Is an atmospheric scientist more likely to know about this than a climatologist?
Is this PhD teaching at U of Aberdeen a well-known crank or contrarian or a mainstream guy? Has he been right before when others are wrong? Does U of Aberdeen have a good department in this, or are they a third-tier player in the debate? Do any of these guys have historical, financial, or institutional ties to other players in the debate? What is the context in which the claims were made? Is anyone being evasive in their answers?

Worse, once I’ve made my poor estimates, I’ve only answered one small question. I have to restart this seat-of-the-pants estimating when I read the two guys arguing about whether sunspots have anything to do with all this.

In such situations, we often revert to superficial markers to choose who to believe. Our balancing of trust from various sources may be complicated, but this does not make them deep.

She’s a professor, so she probably knows what she’s talking about.
He’s written books that I’ve liked on other things.
I am reading this in a reputable journal.
They make lots of money by ignoring pollution.
They raise lots of money getting people excited about stuff.
She sounds pro-business.
He sounds anti-business.
I believe my smart friend.
I believe/disbelieve the UN/ the EU/ Bush/ NASA.


We do not choose these simplifications at random.
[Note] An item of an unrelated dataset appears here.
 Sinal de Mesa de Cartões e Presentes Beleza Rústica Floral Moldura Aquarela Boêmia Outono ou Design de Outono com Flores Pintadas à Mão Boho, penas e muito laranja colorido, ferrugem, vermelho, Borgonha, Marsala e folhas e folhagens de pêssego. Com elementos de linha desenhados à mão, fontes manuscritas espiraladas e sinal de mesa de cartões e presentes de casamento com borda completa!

Each of us has reasons, perhaps very good ones, for putting our trust in certain sources. Significantly, even when we try to expand our knowledge, digging in to an issue like climate change to understand the science and economics, we usually start with the sources we believed anyway. This is likely to reinforce our previously-held beliefs rather than challenge them.
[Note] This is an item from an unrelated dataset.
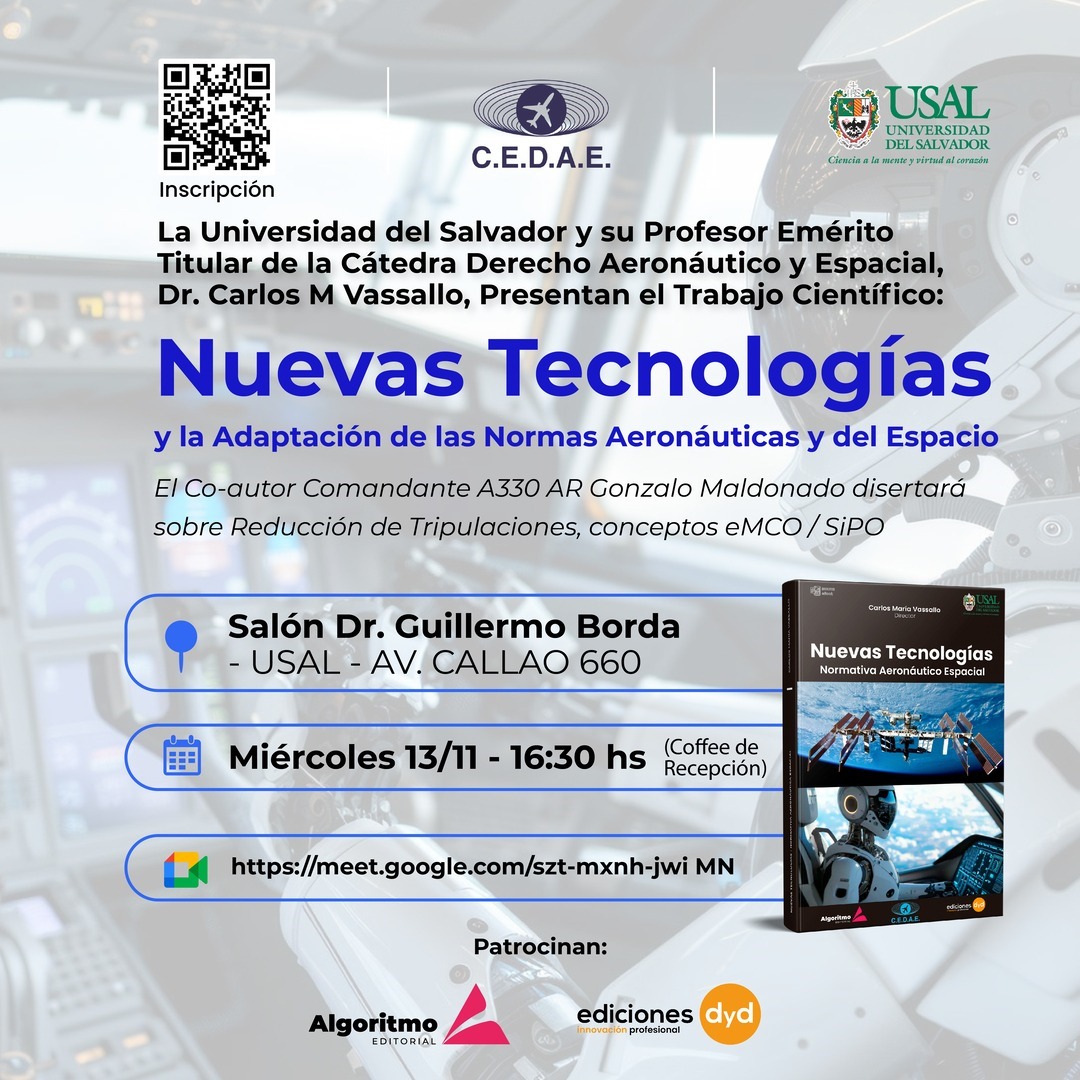 La Asociación de Fiscales y Funcionarios del Ministerio Público Fiscal de la Nación comunica a sus integrantes la invitación recibida a la presentación del Trabajo Científico: Nuevas Tecnologías y la adaptación de las normas aeronáuticas y del espacio que se realizará en el Salón Dr. Guillermo Borda de la Universidad del Salvador el miércoles 13 de noviembre próximo a las 1630 horas. Se adjunta flyer del evento y nómina de autores.

Yet not always, and this is where the techniques of an Assistant Village Idiot may help us out. On any controversial issue, there are clues that can be examined even if much of the subject is beyond your ken.
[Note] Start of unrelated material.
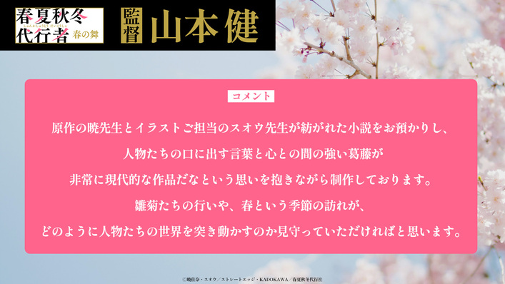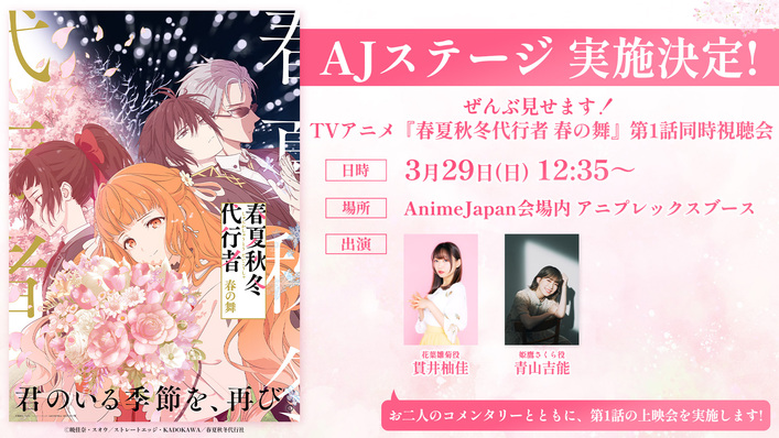 春夏秋冬代行者 春の舞 公式サイト キャスト追加解禁!(雪柳紅梅/薺) Mar 15, 2026 雪柳紅梅役を花澤香菜さんが、第1話で雛菊とさくらが出会う少女・薺(なずな)役を東山奈央さんが担当することが決定!お二人が演じるキャラクターが本作でどのように描かれるのか、放送をお楽しみに! Back to top Share

Who is fighting fair? Politeness is only a part of this. There are people who interrupt or are insulting in argument, which is certainly not quite fair, yet at a deeper level are discussing reasonably. Understanding one’s opponent’s actual claims is foundational. When people habitually misrepresent the other side I begin to disregard everything they say. False equivalence is fairly common. “My opponent believes the poor should be given nothing; she would be happy with a rebuilding of poorhouses.”

Who has modified their views over time, and why? Have any prominent authorites moved from one side of the debate to the other? Did this personally benefit them in any way, or has it cost them? What are the facts from position A that challengers B and C have come to acknowledge? If someone cannot even acknowledge why alternative views at least look plausible, or that enthusiasts on one’s own side have made foolish claims, or that those who disagree might at least mean well or have found an important portion of the truth, then there is no point in listening to them, is there?

Who is unnecessarily dismissive? In my own field there are theories which are meritless and deserve to be dismissed from serious discussion. Yet even these always have something understandable about them, reasons why a person might believe them if she didn’t know better. I would not recommend anyone pursue EMDR for PTSD – but I acknowledge that it might have some benefit unrelated to the eye movements. I am desperately weary of patients who want to treat schizophrenia “naturally” – but I can of course understand that medications have uncomfortable, even miserable side effects; or that it is a very hard thing to believe one’s brain is broken; or that doctors make mistakes; or that older psychological theories are equally bogus. I think disability rights advocates are often motivated more by their desire to kick the system than to help the patient – but I don’t count their gentler motives as nothing, and gladly acknowledge that they do some good.

I simply don’t trust the rationality of a person who is unable to budge 1% on even the minor points. There is something narcissistic or autistic about that.

You will note that none of these techniques is an infallible guarrantee which POV is correct. They are just indicators of the rationality of the arguer.